Greetings fellow Mathematicians,

I was wondering if someone could please take a look at my work. The problem was ln [(2x+1)^3/(3x-1)^4].


My answer key says [6/(2x+1)]-[12/(3x-1], which is different from what I got.

Thanks for any help, comments, suggestions, etc.

 

[pka]

Greetings fellow Mathematicians,

I was wondering if someone could please take a look at my work. The problem was ln [(2x+1)^3/(3x-1)^4].

Simplify first:

\(\displaystyle \ln \left[ {\dfrac{{(2x + 1)^3 }}{{(3x - 1)^4 }}} \right] = 3\ln (2x + 1) - 4\ln (3x - 1)\)

 

[Deleted member 4993]

Greetings fellow Mathematicians,

I was wondering if someone could please take a look at my work. The problem was ln [(2x+1)^3/(3x-1)^4].
View attachment 1711

My answer key says [6/(2x+1)]-[12/(3x-1], which is different from what I got.

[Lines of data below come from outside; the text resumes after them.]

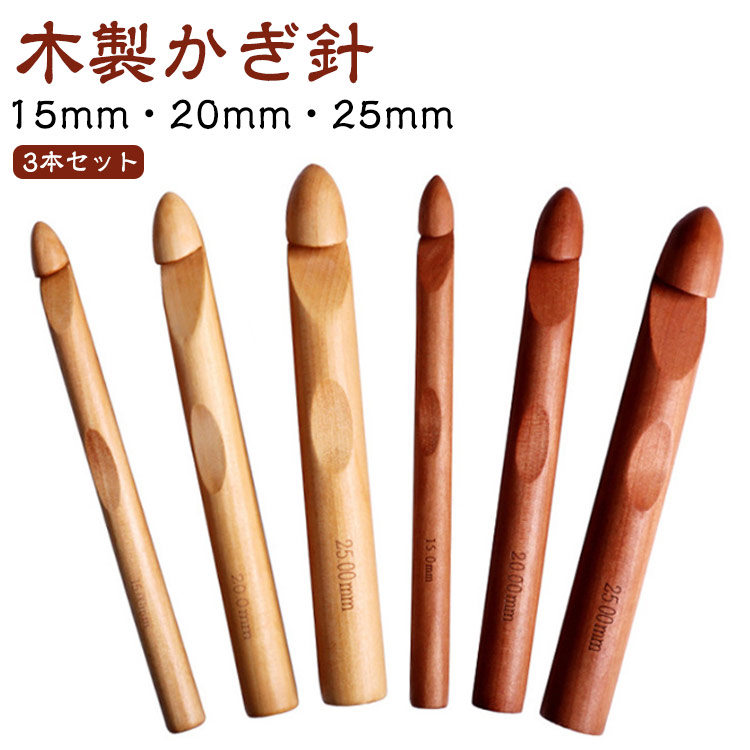 | 【木製かぎ針】【3本セット】【15mm・20mm・25mm】 【使いやすいかぎ針】15mm・20mm・25mmサイズが揃っていて、手持ちの糸に合わせて使い分けができるので、とても便利です。 【様々な場合に合う】太い毛糸の帽子、スヌード、靴下、網、マット、サイズ大きいセーター、カーディガン、ジャケットなど作品に便利のジャンボかぎ針です。 滑らかい先端なので、糸が引っかかったり糸を割れたりしません。手触りが良いです、編み込み効率を高めることができます。 しっかり握れるので余分な力をかけずに編むことができ、手が疲れにくい設計です。人間工学に基づいたハンドルで不快感なく長くかぎ針編みが可能です。 | |
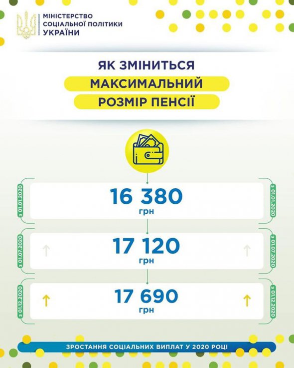 З 01.01.2020 максимальна пенсія виросла і становить 16380 грн; з 01.07.2020 - буде 17120 грн; з 01.12.2020 - 17690 грн.
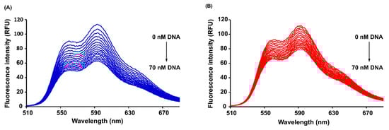 Fluorescence emission spectra of DOX (A) and 4-pep–DOX (B) in the presence of dsDNA at various concentrations in 10 mM Tris-HCl buffer (pH 7.2) at 25 °C (the initial concentration of DOX and 4-pep–DOX = 1.94 µM).
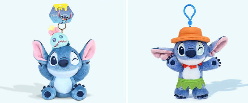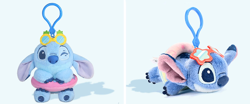 Hvert vedhæng er lavet af blødt plysmateriale med lyse farver og et design, der præcist genskaber billedet af Stitch. Størrelsen på dette vedhæng er mellem 10 og 14 cm. Designet af den hængende ring er også mere praktisk til dekoration. Det kan hænges på en taske eller bruges til at hænge bilnøgler. Det er både æstetisk tiltalende og praktisk.
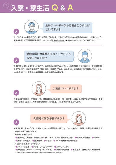 入寮・寮生活Q&AA食物アレルギーがある場合どうすればよいですか?アナフィラキシー病型の方の入寮はお断りしております。それ以外のアレルギー疾患のある方は、状況によっては入寮をお断りする可能性があります。15ページの●食物アレルギーについてをご確認ください。入寮申込前の注意受験大学の合格発表を待ってからでも入寮できますか?A定員に達した寮は締切となりますので、お早めにお申し込みください。合格発表をお待ちの方は、振込期限日を延長できます。初回決済手段で「銀行振込」を選択してお申し込みのうえ、入塾校舎までご連絡ください。なお、お申し込みには、河合塾大学受験科への入塾申込が必要です。A入寮日はいつですか?入寮日は3/29(土)、3/30日)で、時間は両日とも9:00〜16:00です。この日に入寮できない場合は、事前に寮へご連絡ください。入寮の際の荷物は、3/22(土)から各寮にてお預かりします。入寮時に何が必要ですか?A各寮室に机・デスクライト・本棚・ベッド・冷暖房設備は備えつけてありますので、勉強に必要な物や日常生活に必要な物をご持参ください。〈入寮時に必要なもの〉●寝具一式(希望者には寝具リースあり。寝具1セット1年間26,500円)●洗面・入浴道具●スリッパ●洗濯・清掃道具●生活用品●体温計●マイナ保険証や健康保険証〈持ち込みが禁止されているもの〉●バイク・自転車●テレビ・DVDプレーヤー●ストーブ・こたつ●調理器具(カセットコンロ・電子レンジなど)●刃物など危険物●娯楽道具・運動道具・楽器類など※上記以外の物でも寮長が不適切と判断した場合には持ち込みを認めないことがあります。

Thanks for any help, comments, suggestions, etc.

First use these facts:

ln(U/V) = ln(U) - ln(V)

ln(U^m) = m * ln(U)

Now your answer will be much simpler - like the key suggests.....

 

[Dorian Gray]

Thank you both

Once again, thank you both Pka and and Subhotosh for your input. I can see where that makes things much, much better to work with. I will most certainly redo the problem that way. Out of curiosity, are they still the same answer?

 

[Dorian Gray]

 

[srmichael]

View attachment 1712

Yes, your ugly answer and \(\displaystyle \displaystyle\frac{6}{2x+1}-\frac{12}{3x-1}\) are the same answer.

On your post above, there is no need to do the product rule on each of these terms. The 3 and 4 in front of the natural log terms are just constants so:

\(\displaystyle \displaystyle y=3\ln(2x+1)-4\ln(3x-1)\)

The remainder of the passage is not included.